Positioning first vs. copy first. Dunford wants the best-fit customer, the competitive alternatives, and the value ranking nailed down before a single headline is written. Ogilvy wants the headline doing the heaviest lifting in the room.

Sutherland vs Gelman

Psycho-logic vs. statistical rigor. Sutherland trusts the invisible perception variables that drive real choice. Gelman trusts what is measured cleanly, powered correctly, and defensible under scrutiny. Both are right — about different things.

Handley vs Ogilvy

Useful-before-promotional vs. persuasion-first. Handley serves the reader and earns the sale as a consequence. Ogilvy asks for the sale on the page and treats "useful" as the means, not the goal.

Godin vs Jobs

Build a tribe deliberately vs. assume a great product markets itself. Godin wants the permission asset — list, subscribers, story carriers — built on purpose. Jobs expects inevitability to do that work for free.

Torres vs Jobs

Evidence-led discovery vs. visionary product taste. Torres wants opportunities mapped, assumptions tested, outcomes named. Jobs wants the team to see what isn't there yet and build it anyway. Neither is wrong; both can fail on their own.

Gebru vs Karpathy

Deployment harm on named populations vs. benchmark-led capability. Karpathy evaluates on what the model can do. Gebru evaluates on who it will fail, and whether anyone measured that before it shipped. Both are right; only one comes up in the planning meeting.

Gebru vs Cavoukian

Collect the demographic data to audit fairness vs. minimize data collection on principle. A genuine tension, not a rhetorical one — both positions are ethically grounded and structurally incompatible without a specific design choice.

Russell vs Carmack

Web payload and real-device performance vs. backend/CPU hot-path focus. Carmack owns the algorithmic floor. Russell owns the 4MB of JS that gets shipped to a $200 Android. Both call themselves "performance." They aren't the same conversation.

Allspaw vs Majors

Adaptive capacity and human recovery vs. telemetry-first reliability. Majors wants every signal instrumented. Allspaw wants the operator prepared for the signal the system doesn't emit. Dashboards don't recover from incidents — people do.

Kimball vs Celko

Dimensional denormalization for analytics vs. 3NF discipline. OLTP and OLAP have different laws. Celko wants every normal form honored. Kimball wants the analyst's query to return in seconds. Both are right about different schemas.

Head vs Sutton

Expressive motion vs. vestibular safety. Head designs motion as communication. Sutton enforces reduced-motion as an accessibility floor.
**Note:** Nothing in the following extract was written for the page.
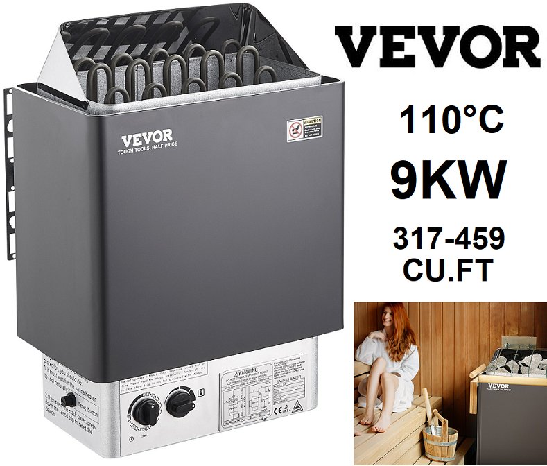 VEVOR Electric Sauna Heater with Built-In Controls 3h Timer and Adjustable Temp - 317-459 Cubic Feet - 9KW - 220V - black/silver (model: sca-90ns)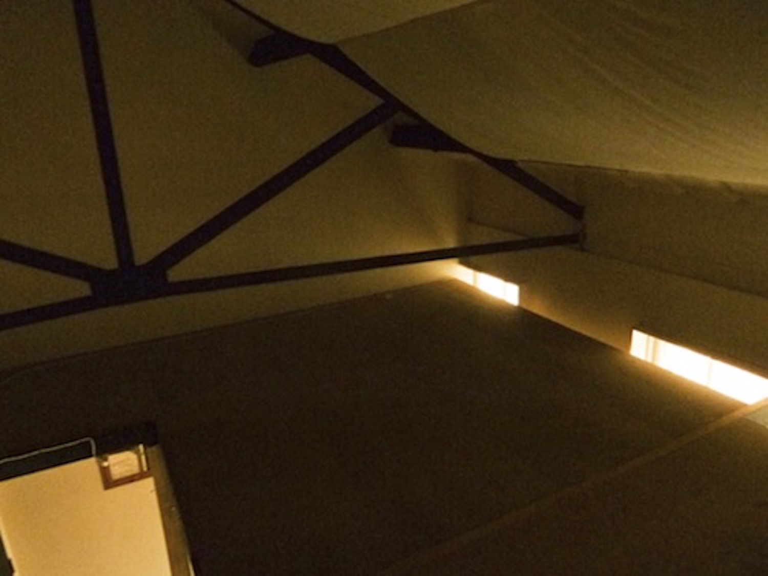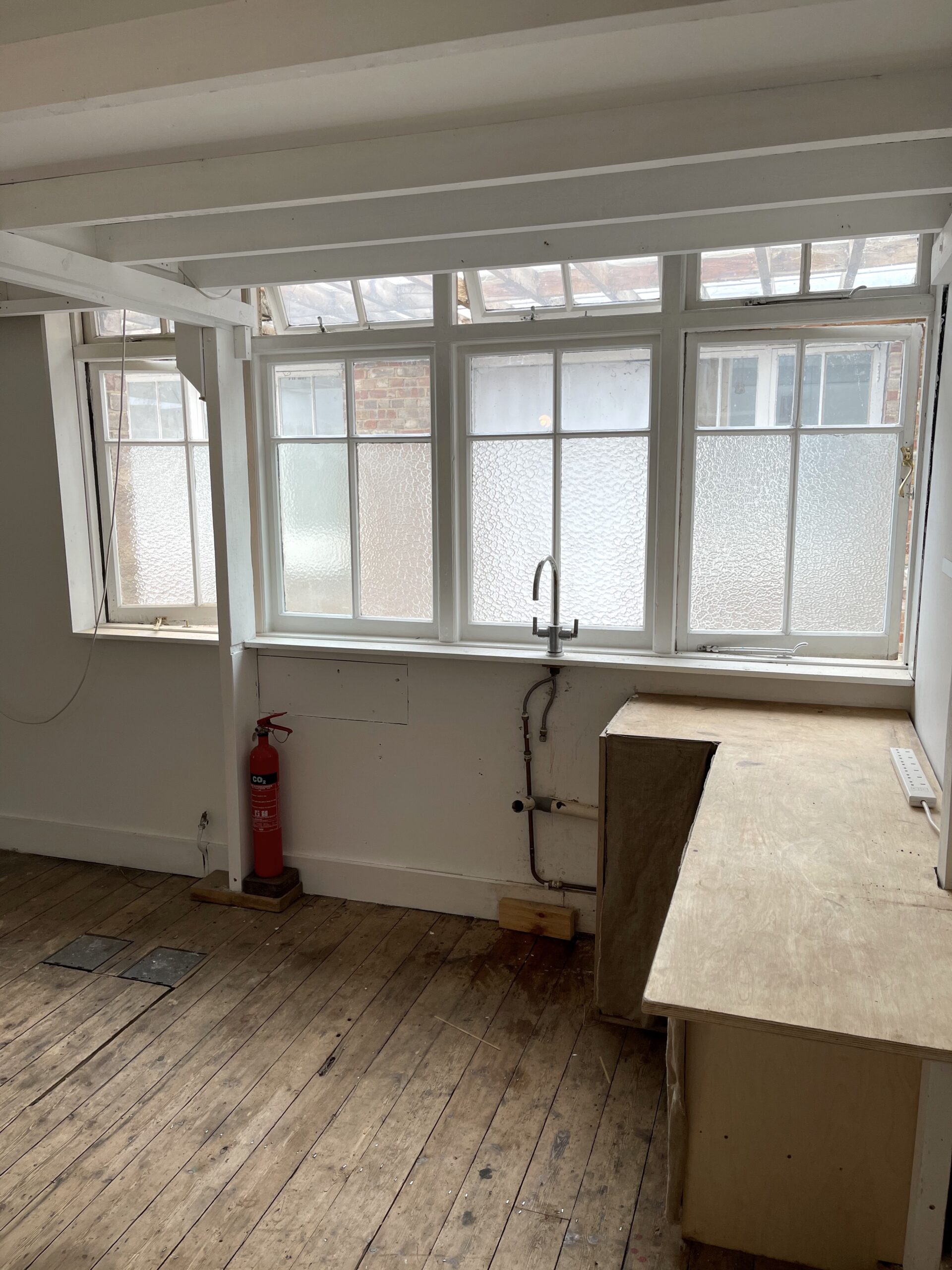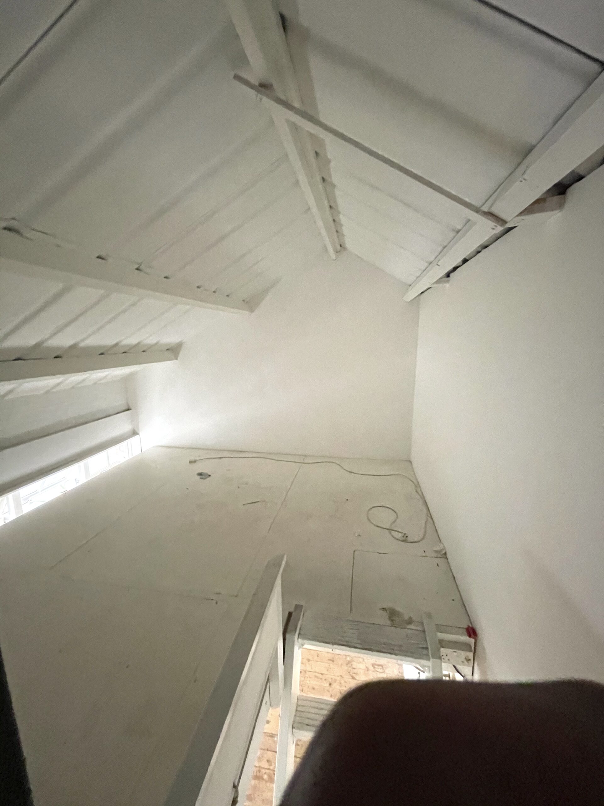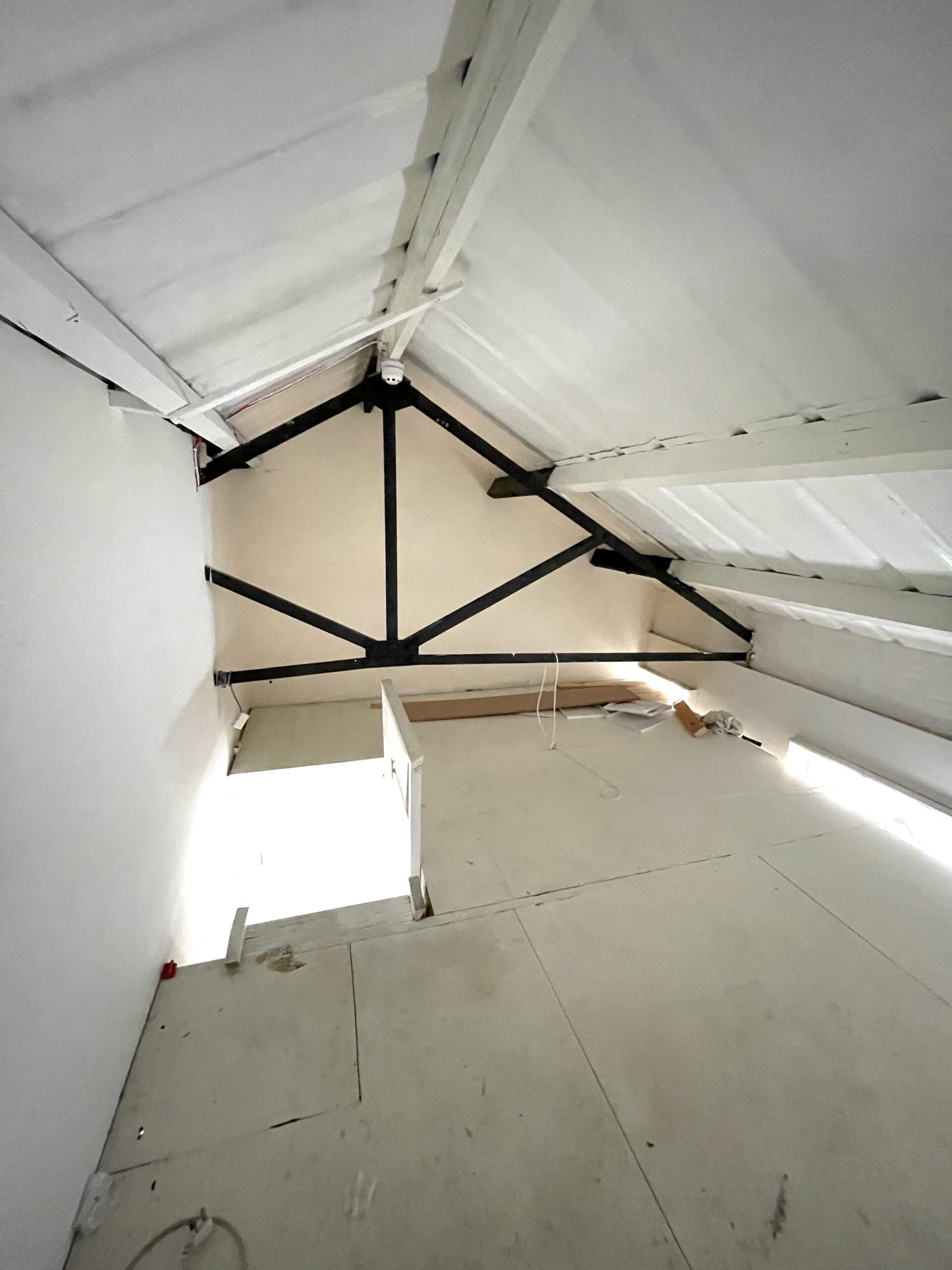 Studio has a pitched roof, 14’07 ceiling high, wooden floor, large windows, natural light, electricity, lighting and heating.

The product that serves both is a product that takes the prefers-reduced-motion contract seriously.

Podmajersky vs Ogilvy

In-product helpful voice vs. persuasive advertising voice. Ogilvy sells to someone who hasn't bought. Podmajersky writes for someone who already bought and now has to complete a task. Same company, different reader, different rules.

Yunker vs Dunford

Per-market positioning vs. US-default GTM translated outward. Yunker says each market needs its own best-fit narrative. Dunford says positioning is the foundation. Both are right — but a translated homepage is not a positioning strategy.

Holmes vs Sutton

Inclusive design as practice vs. WCAG compliance as a floor. Sutton enforces the contract. Holmes asks who is still excluded once every checkbox is green. Compliance is the minimum viable accessibility; inclusive design is the minimum viable practice.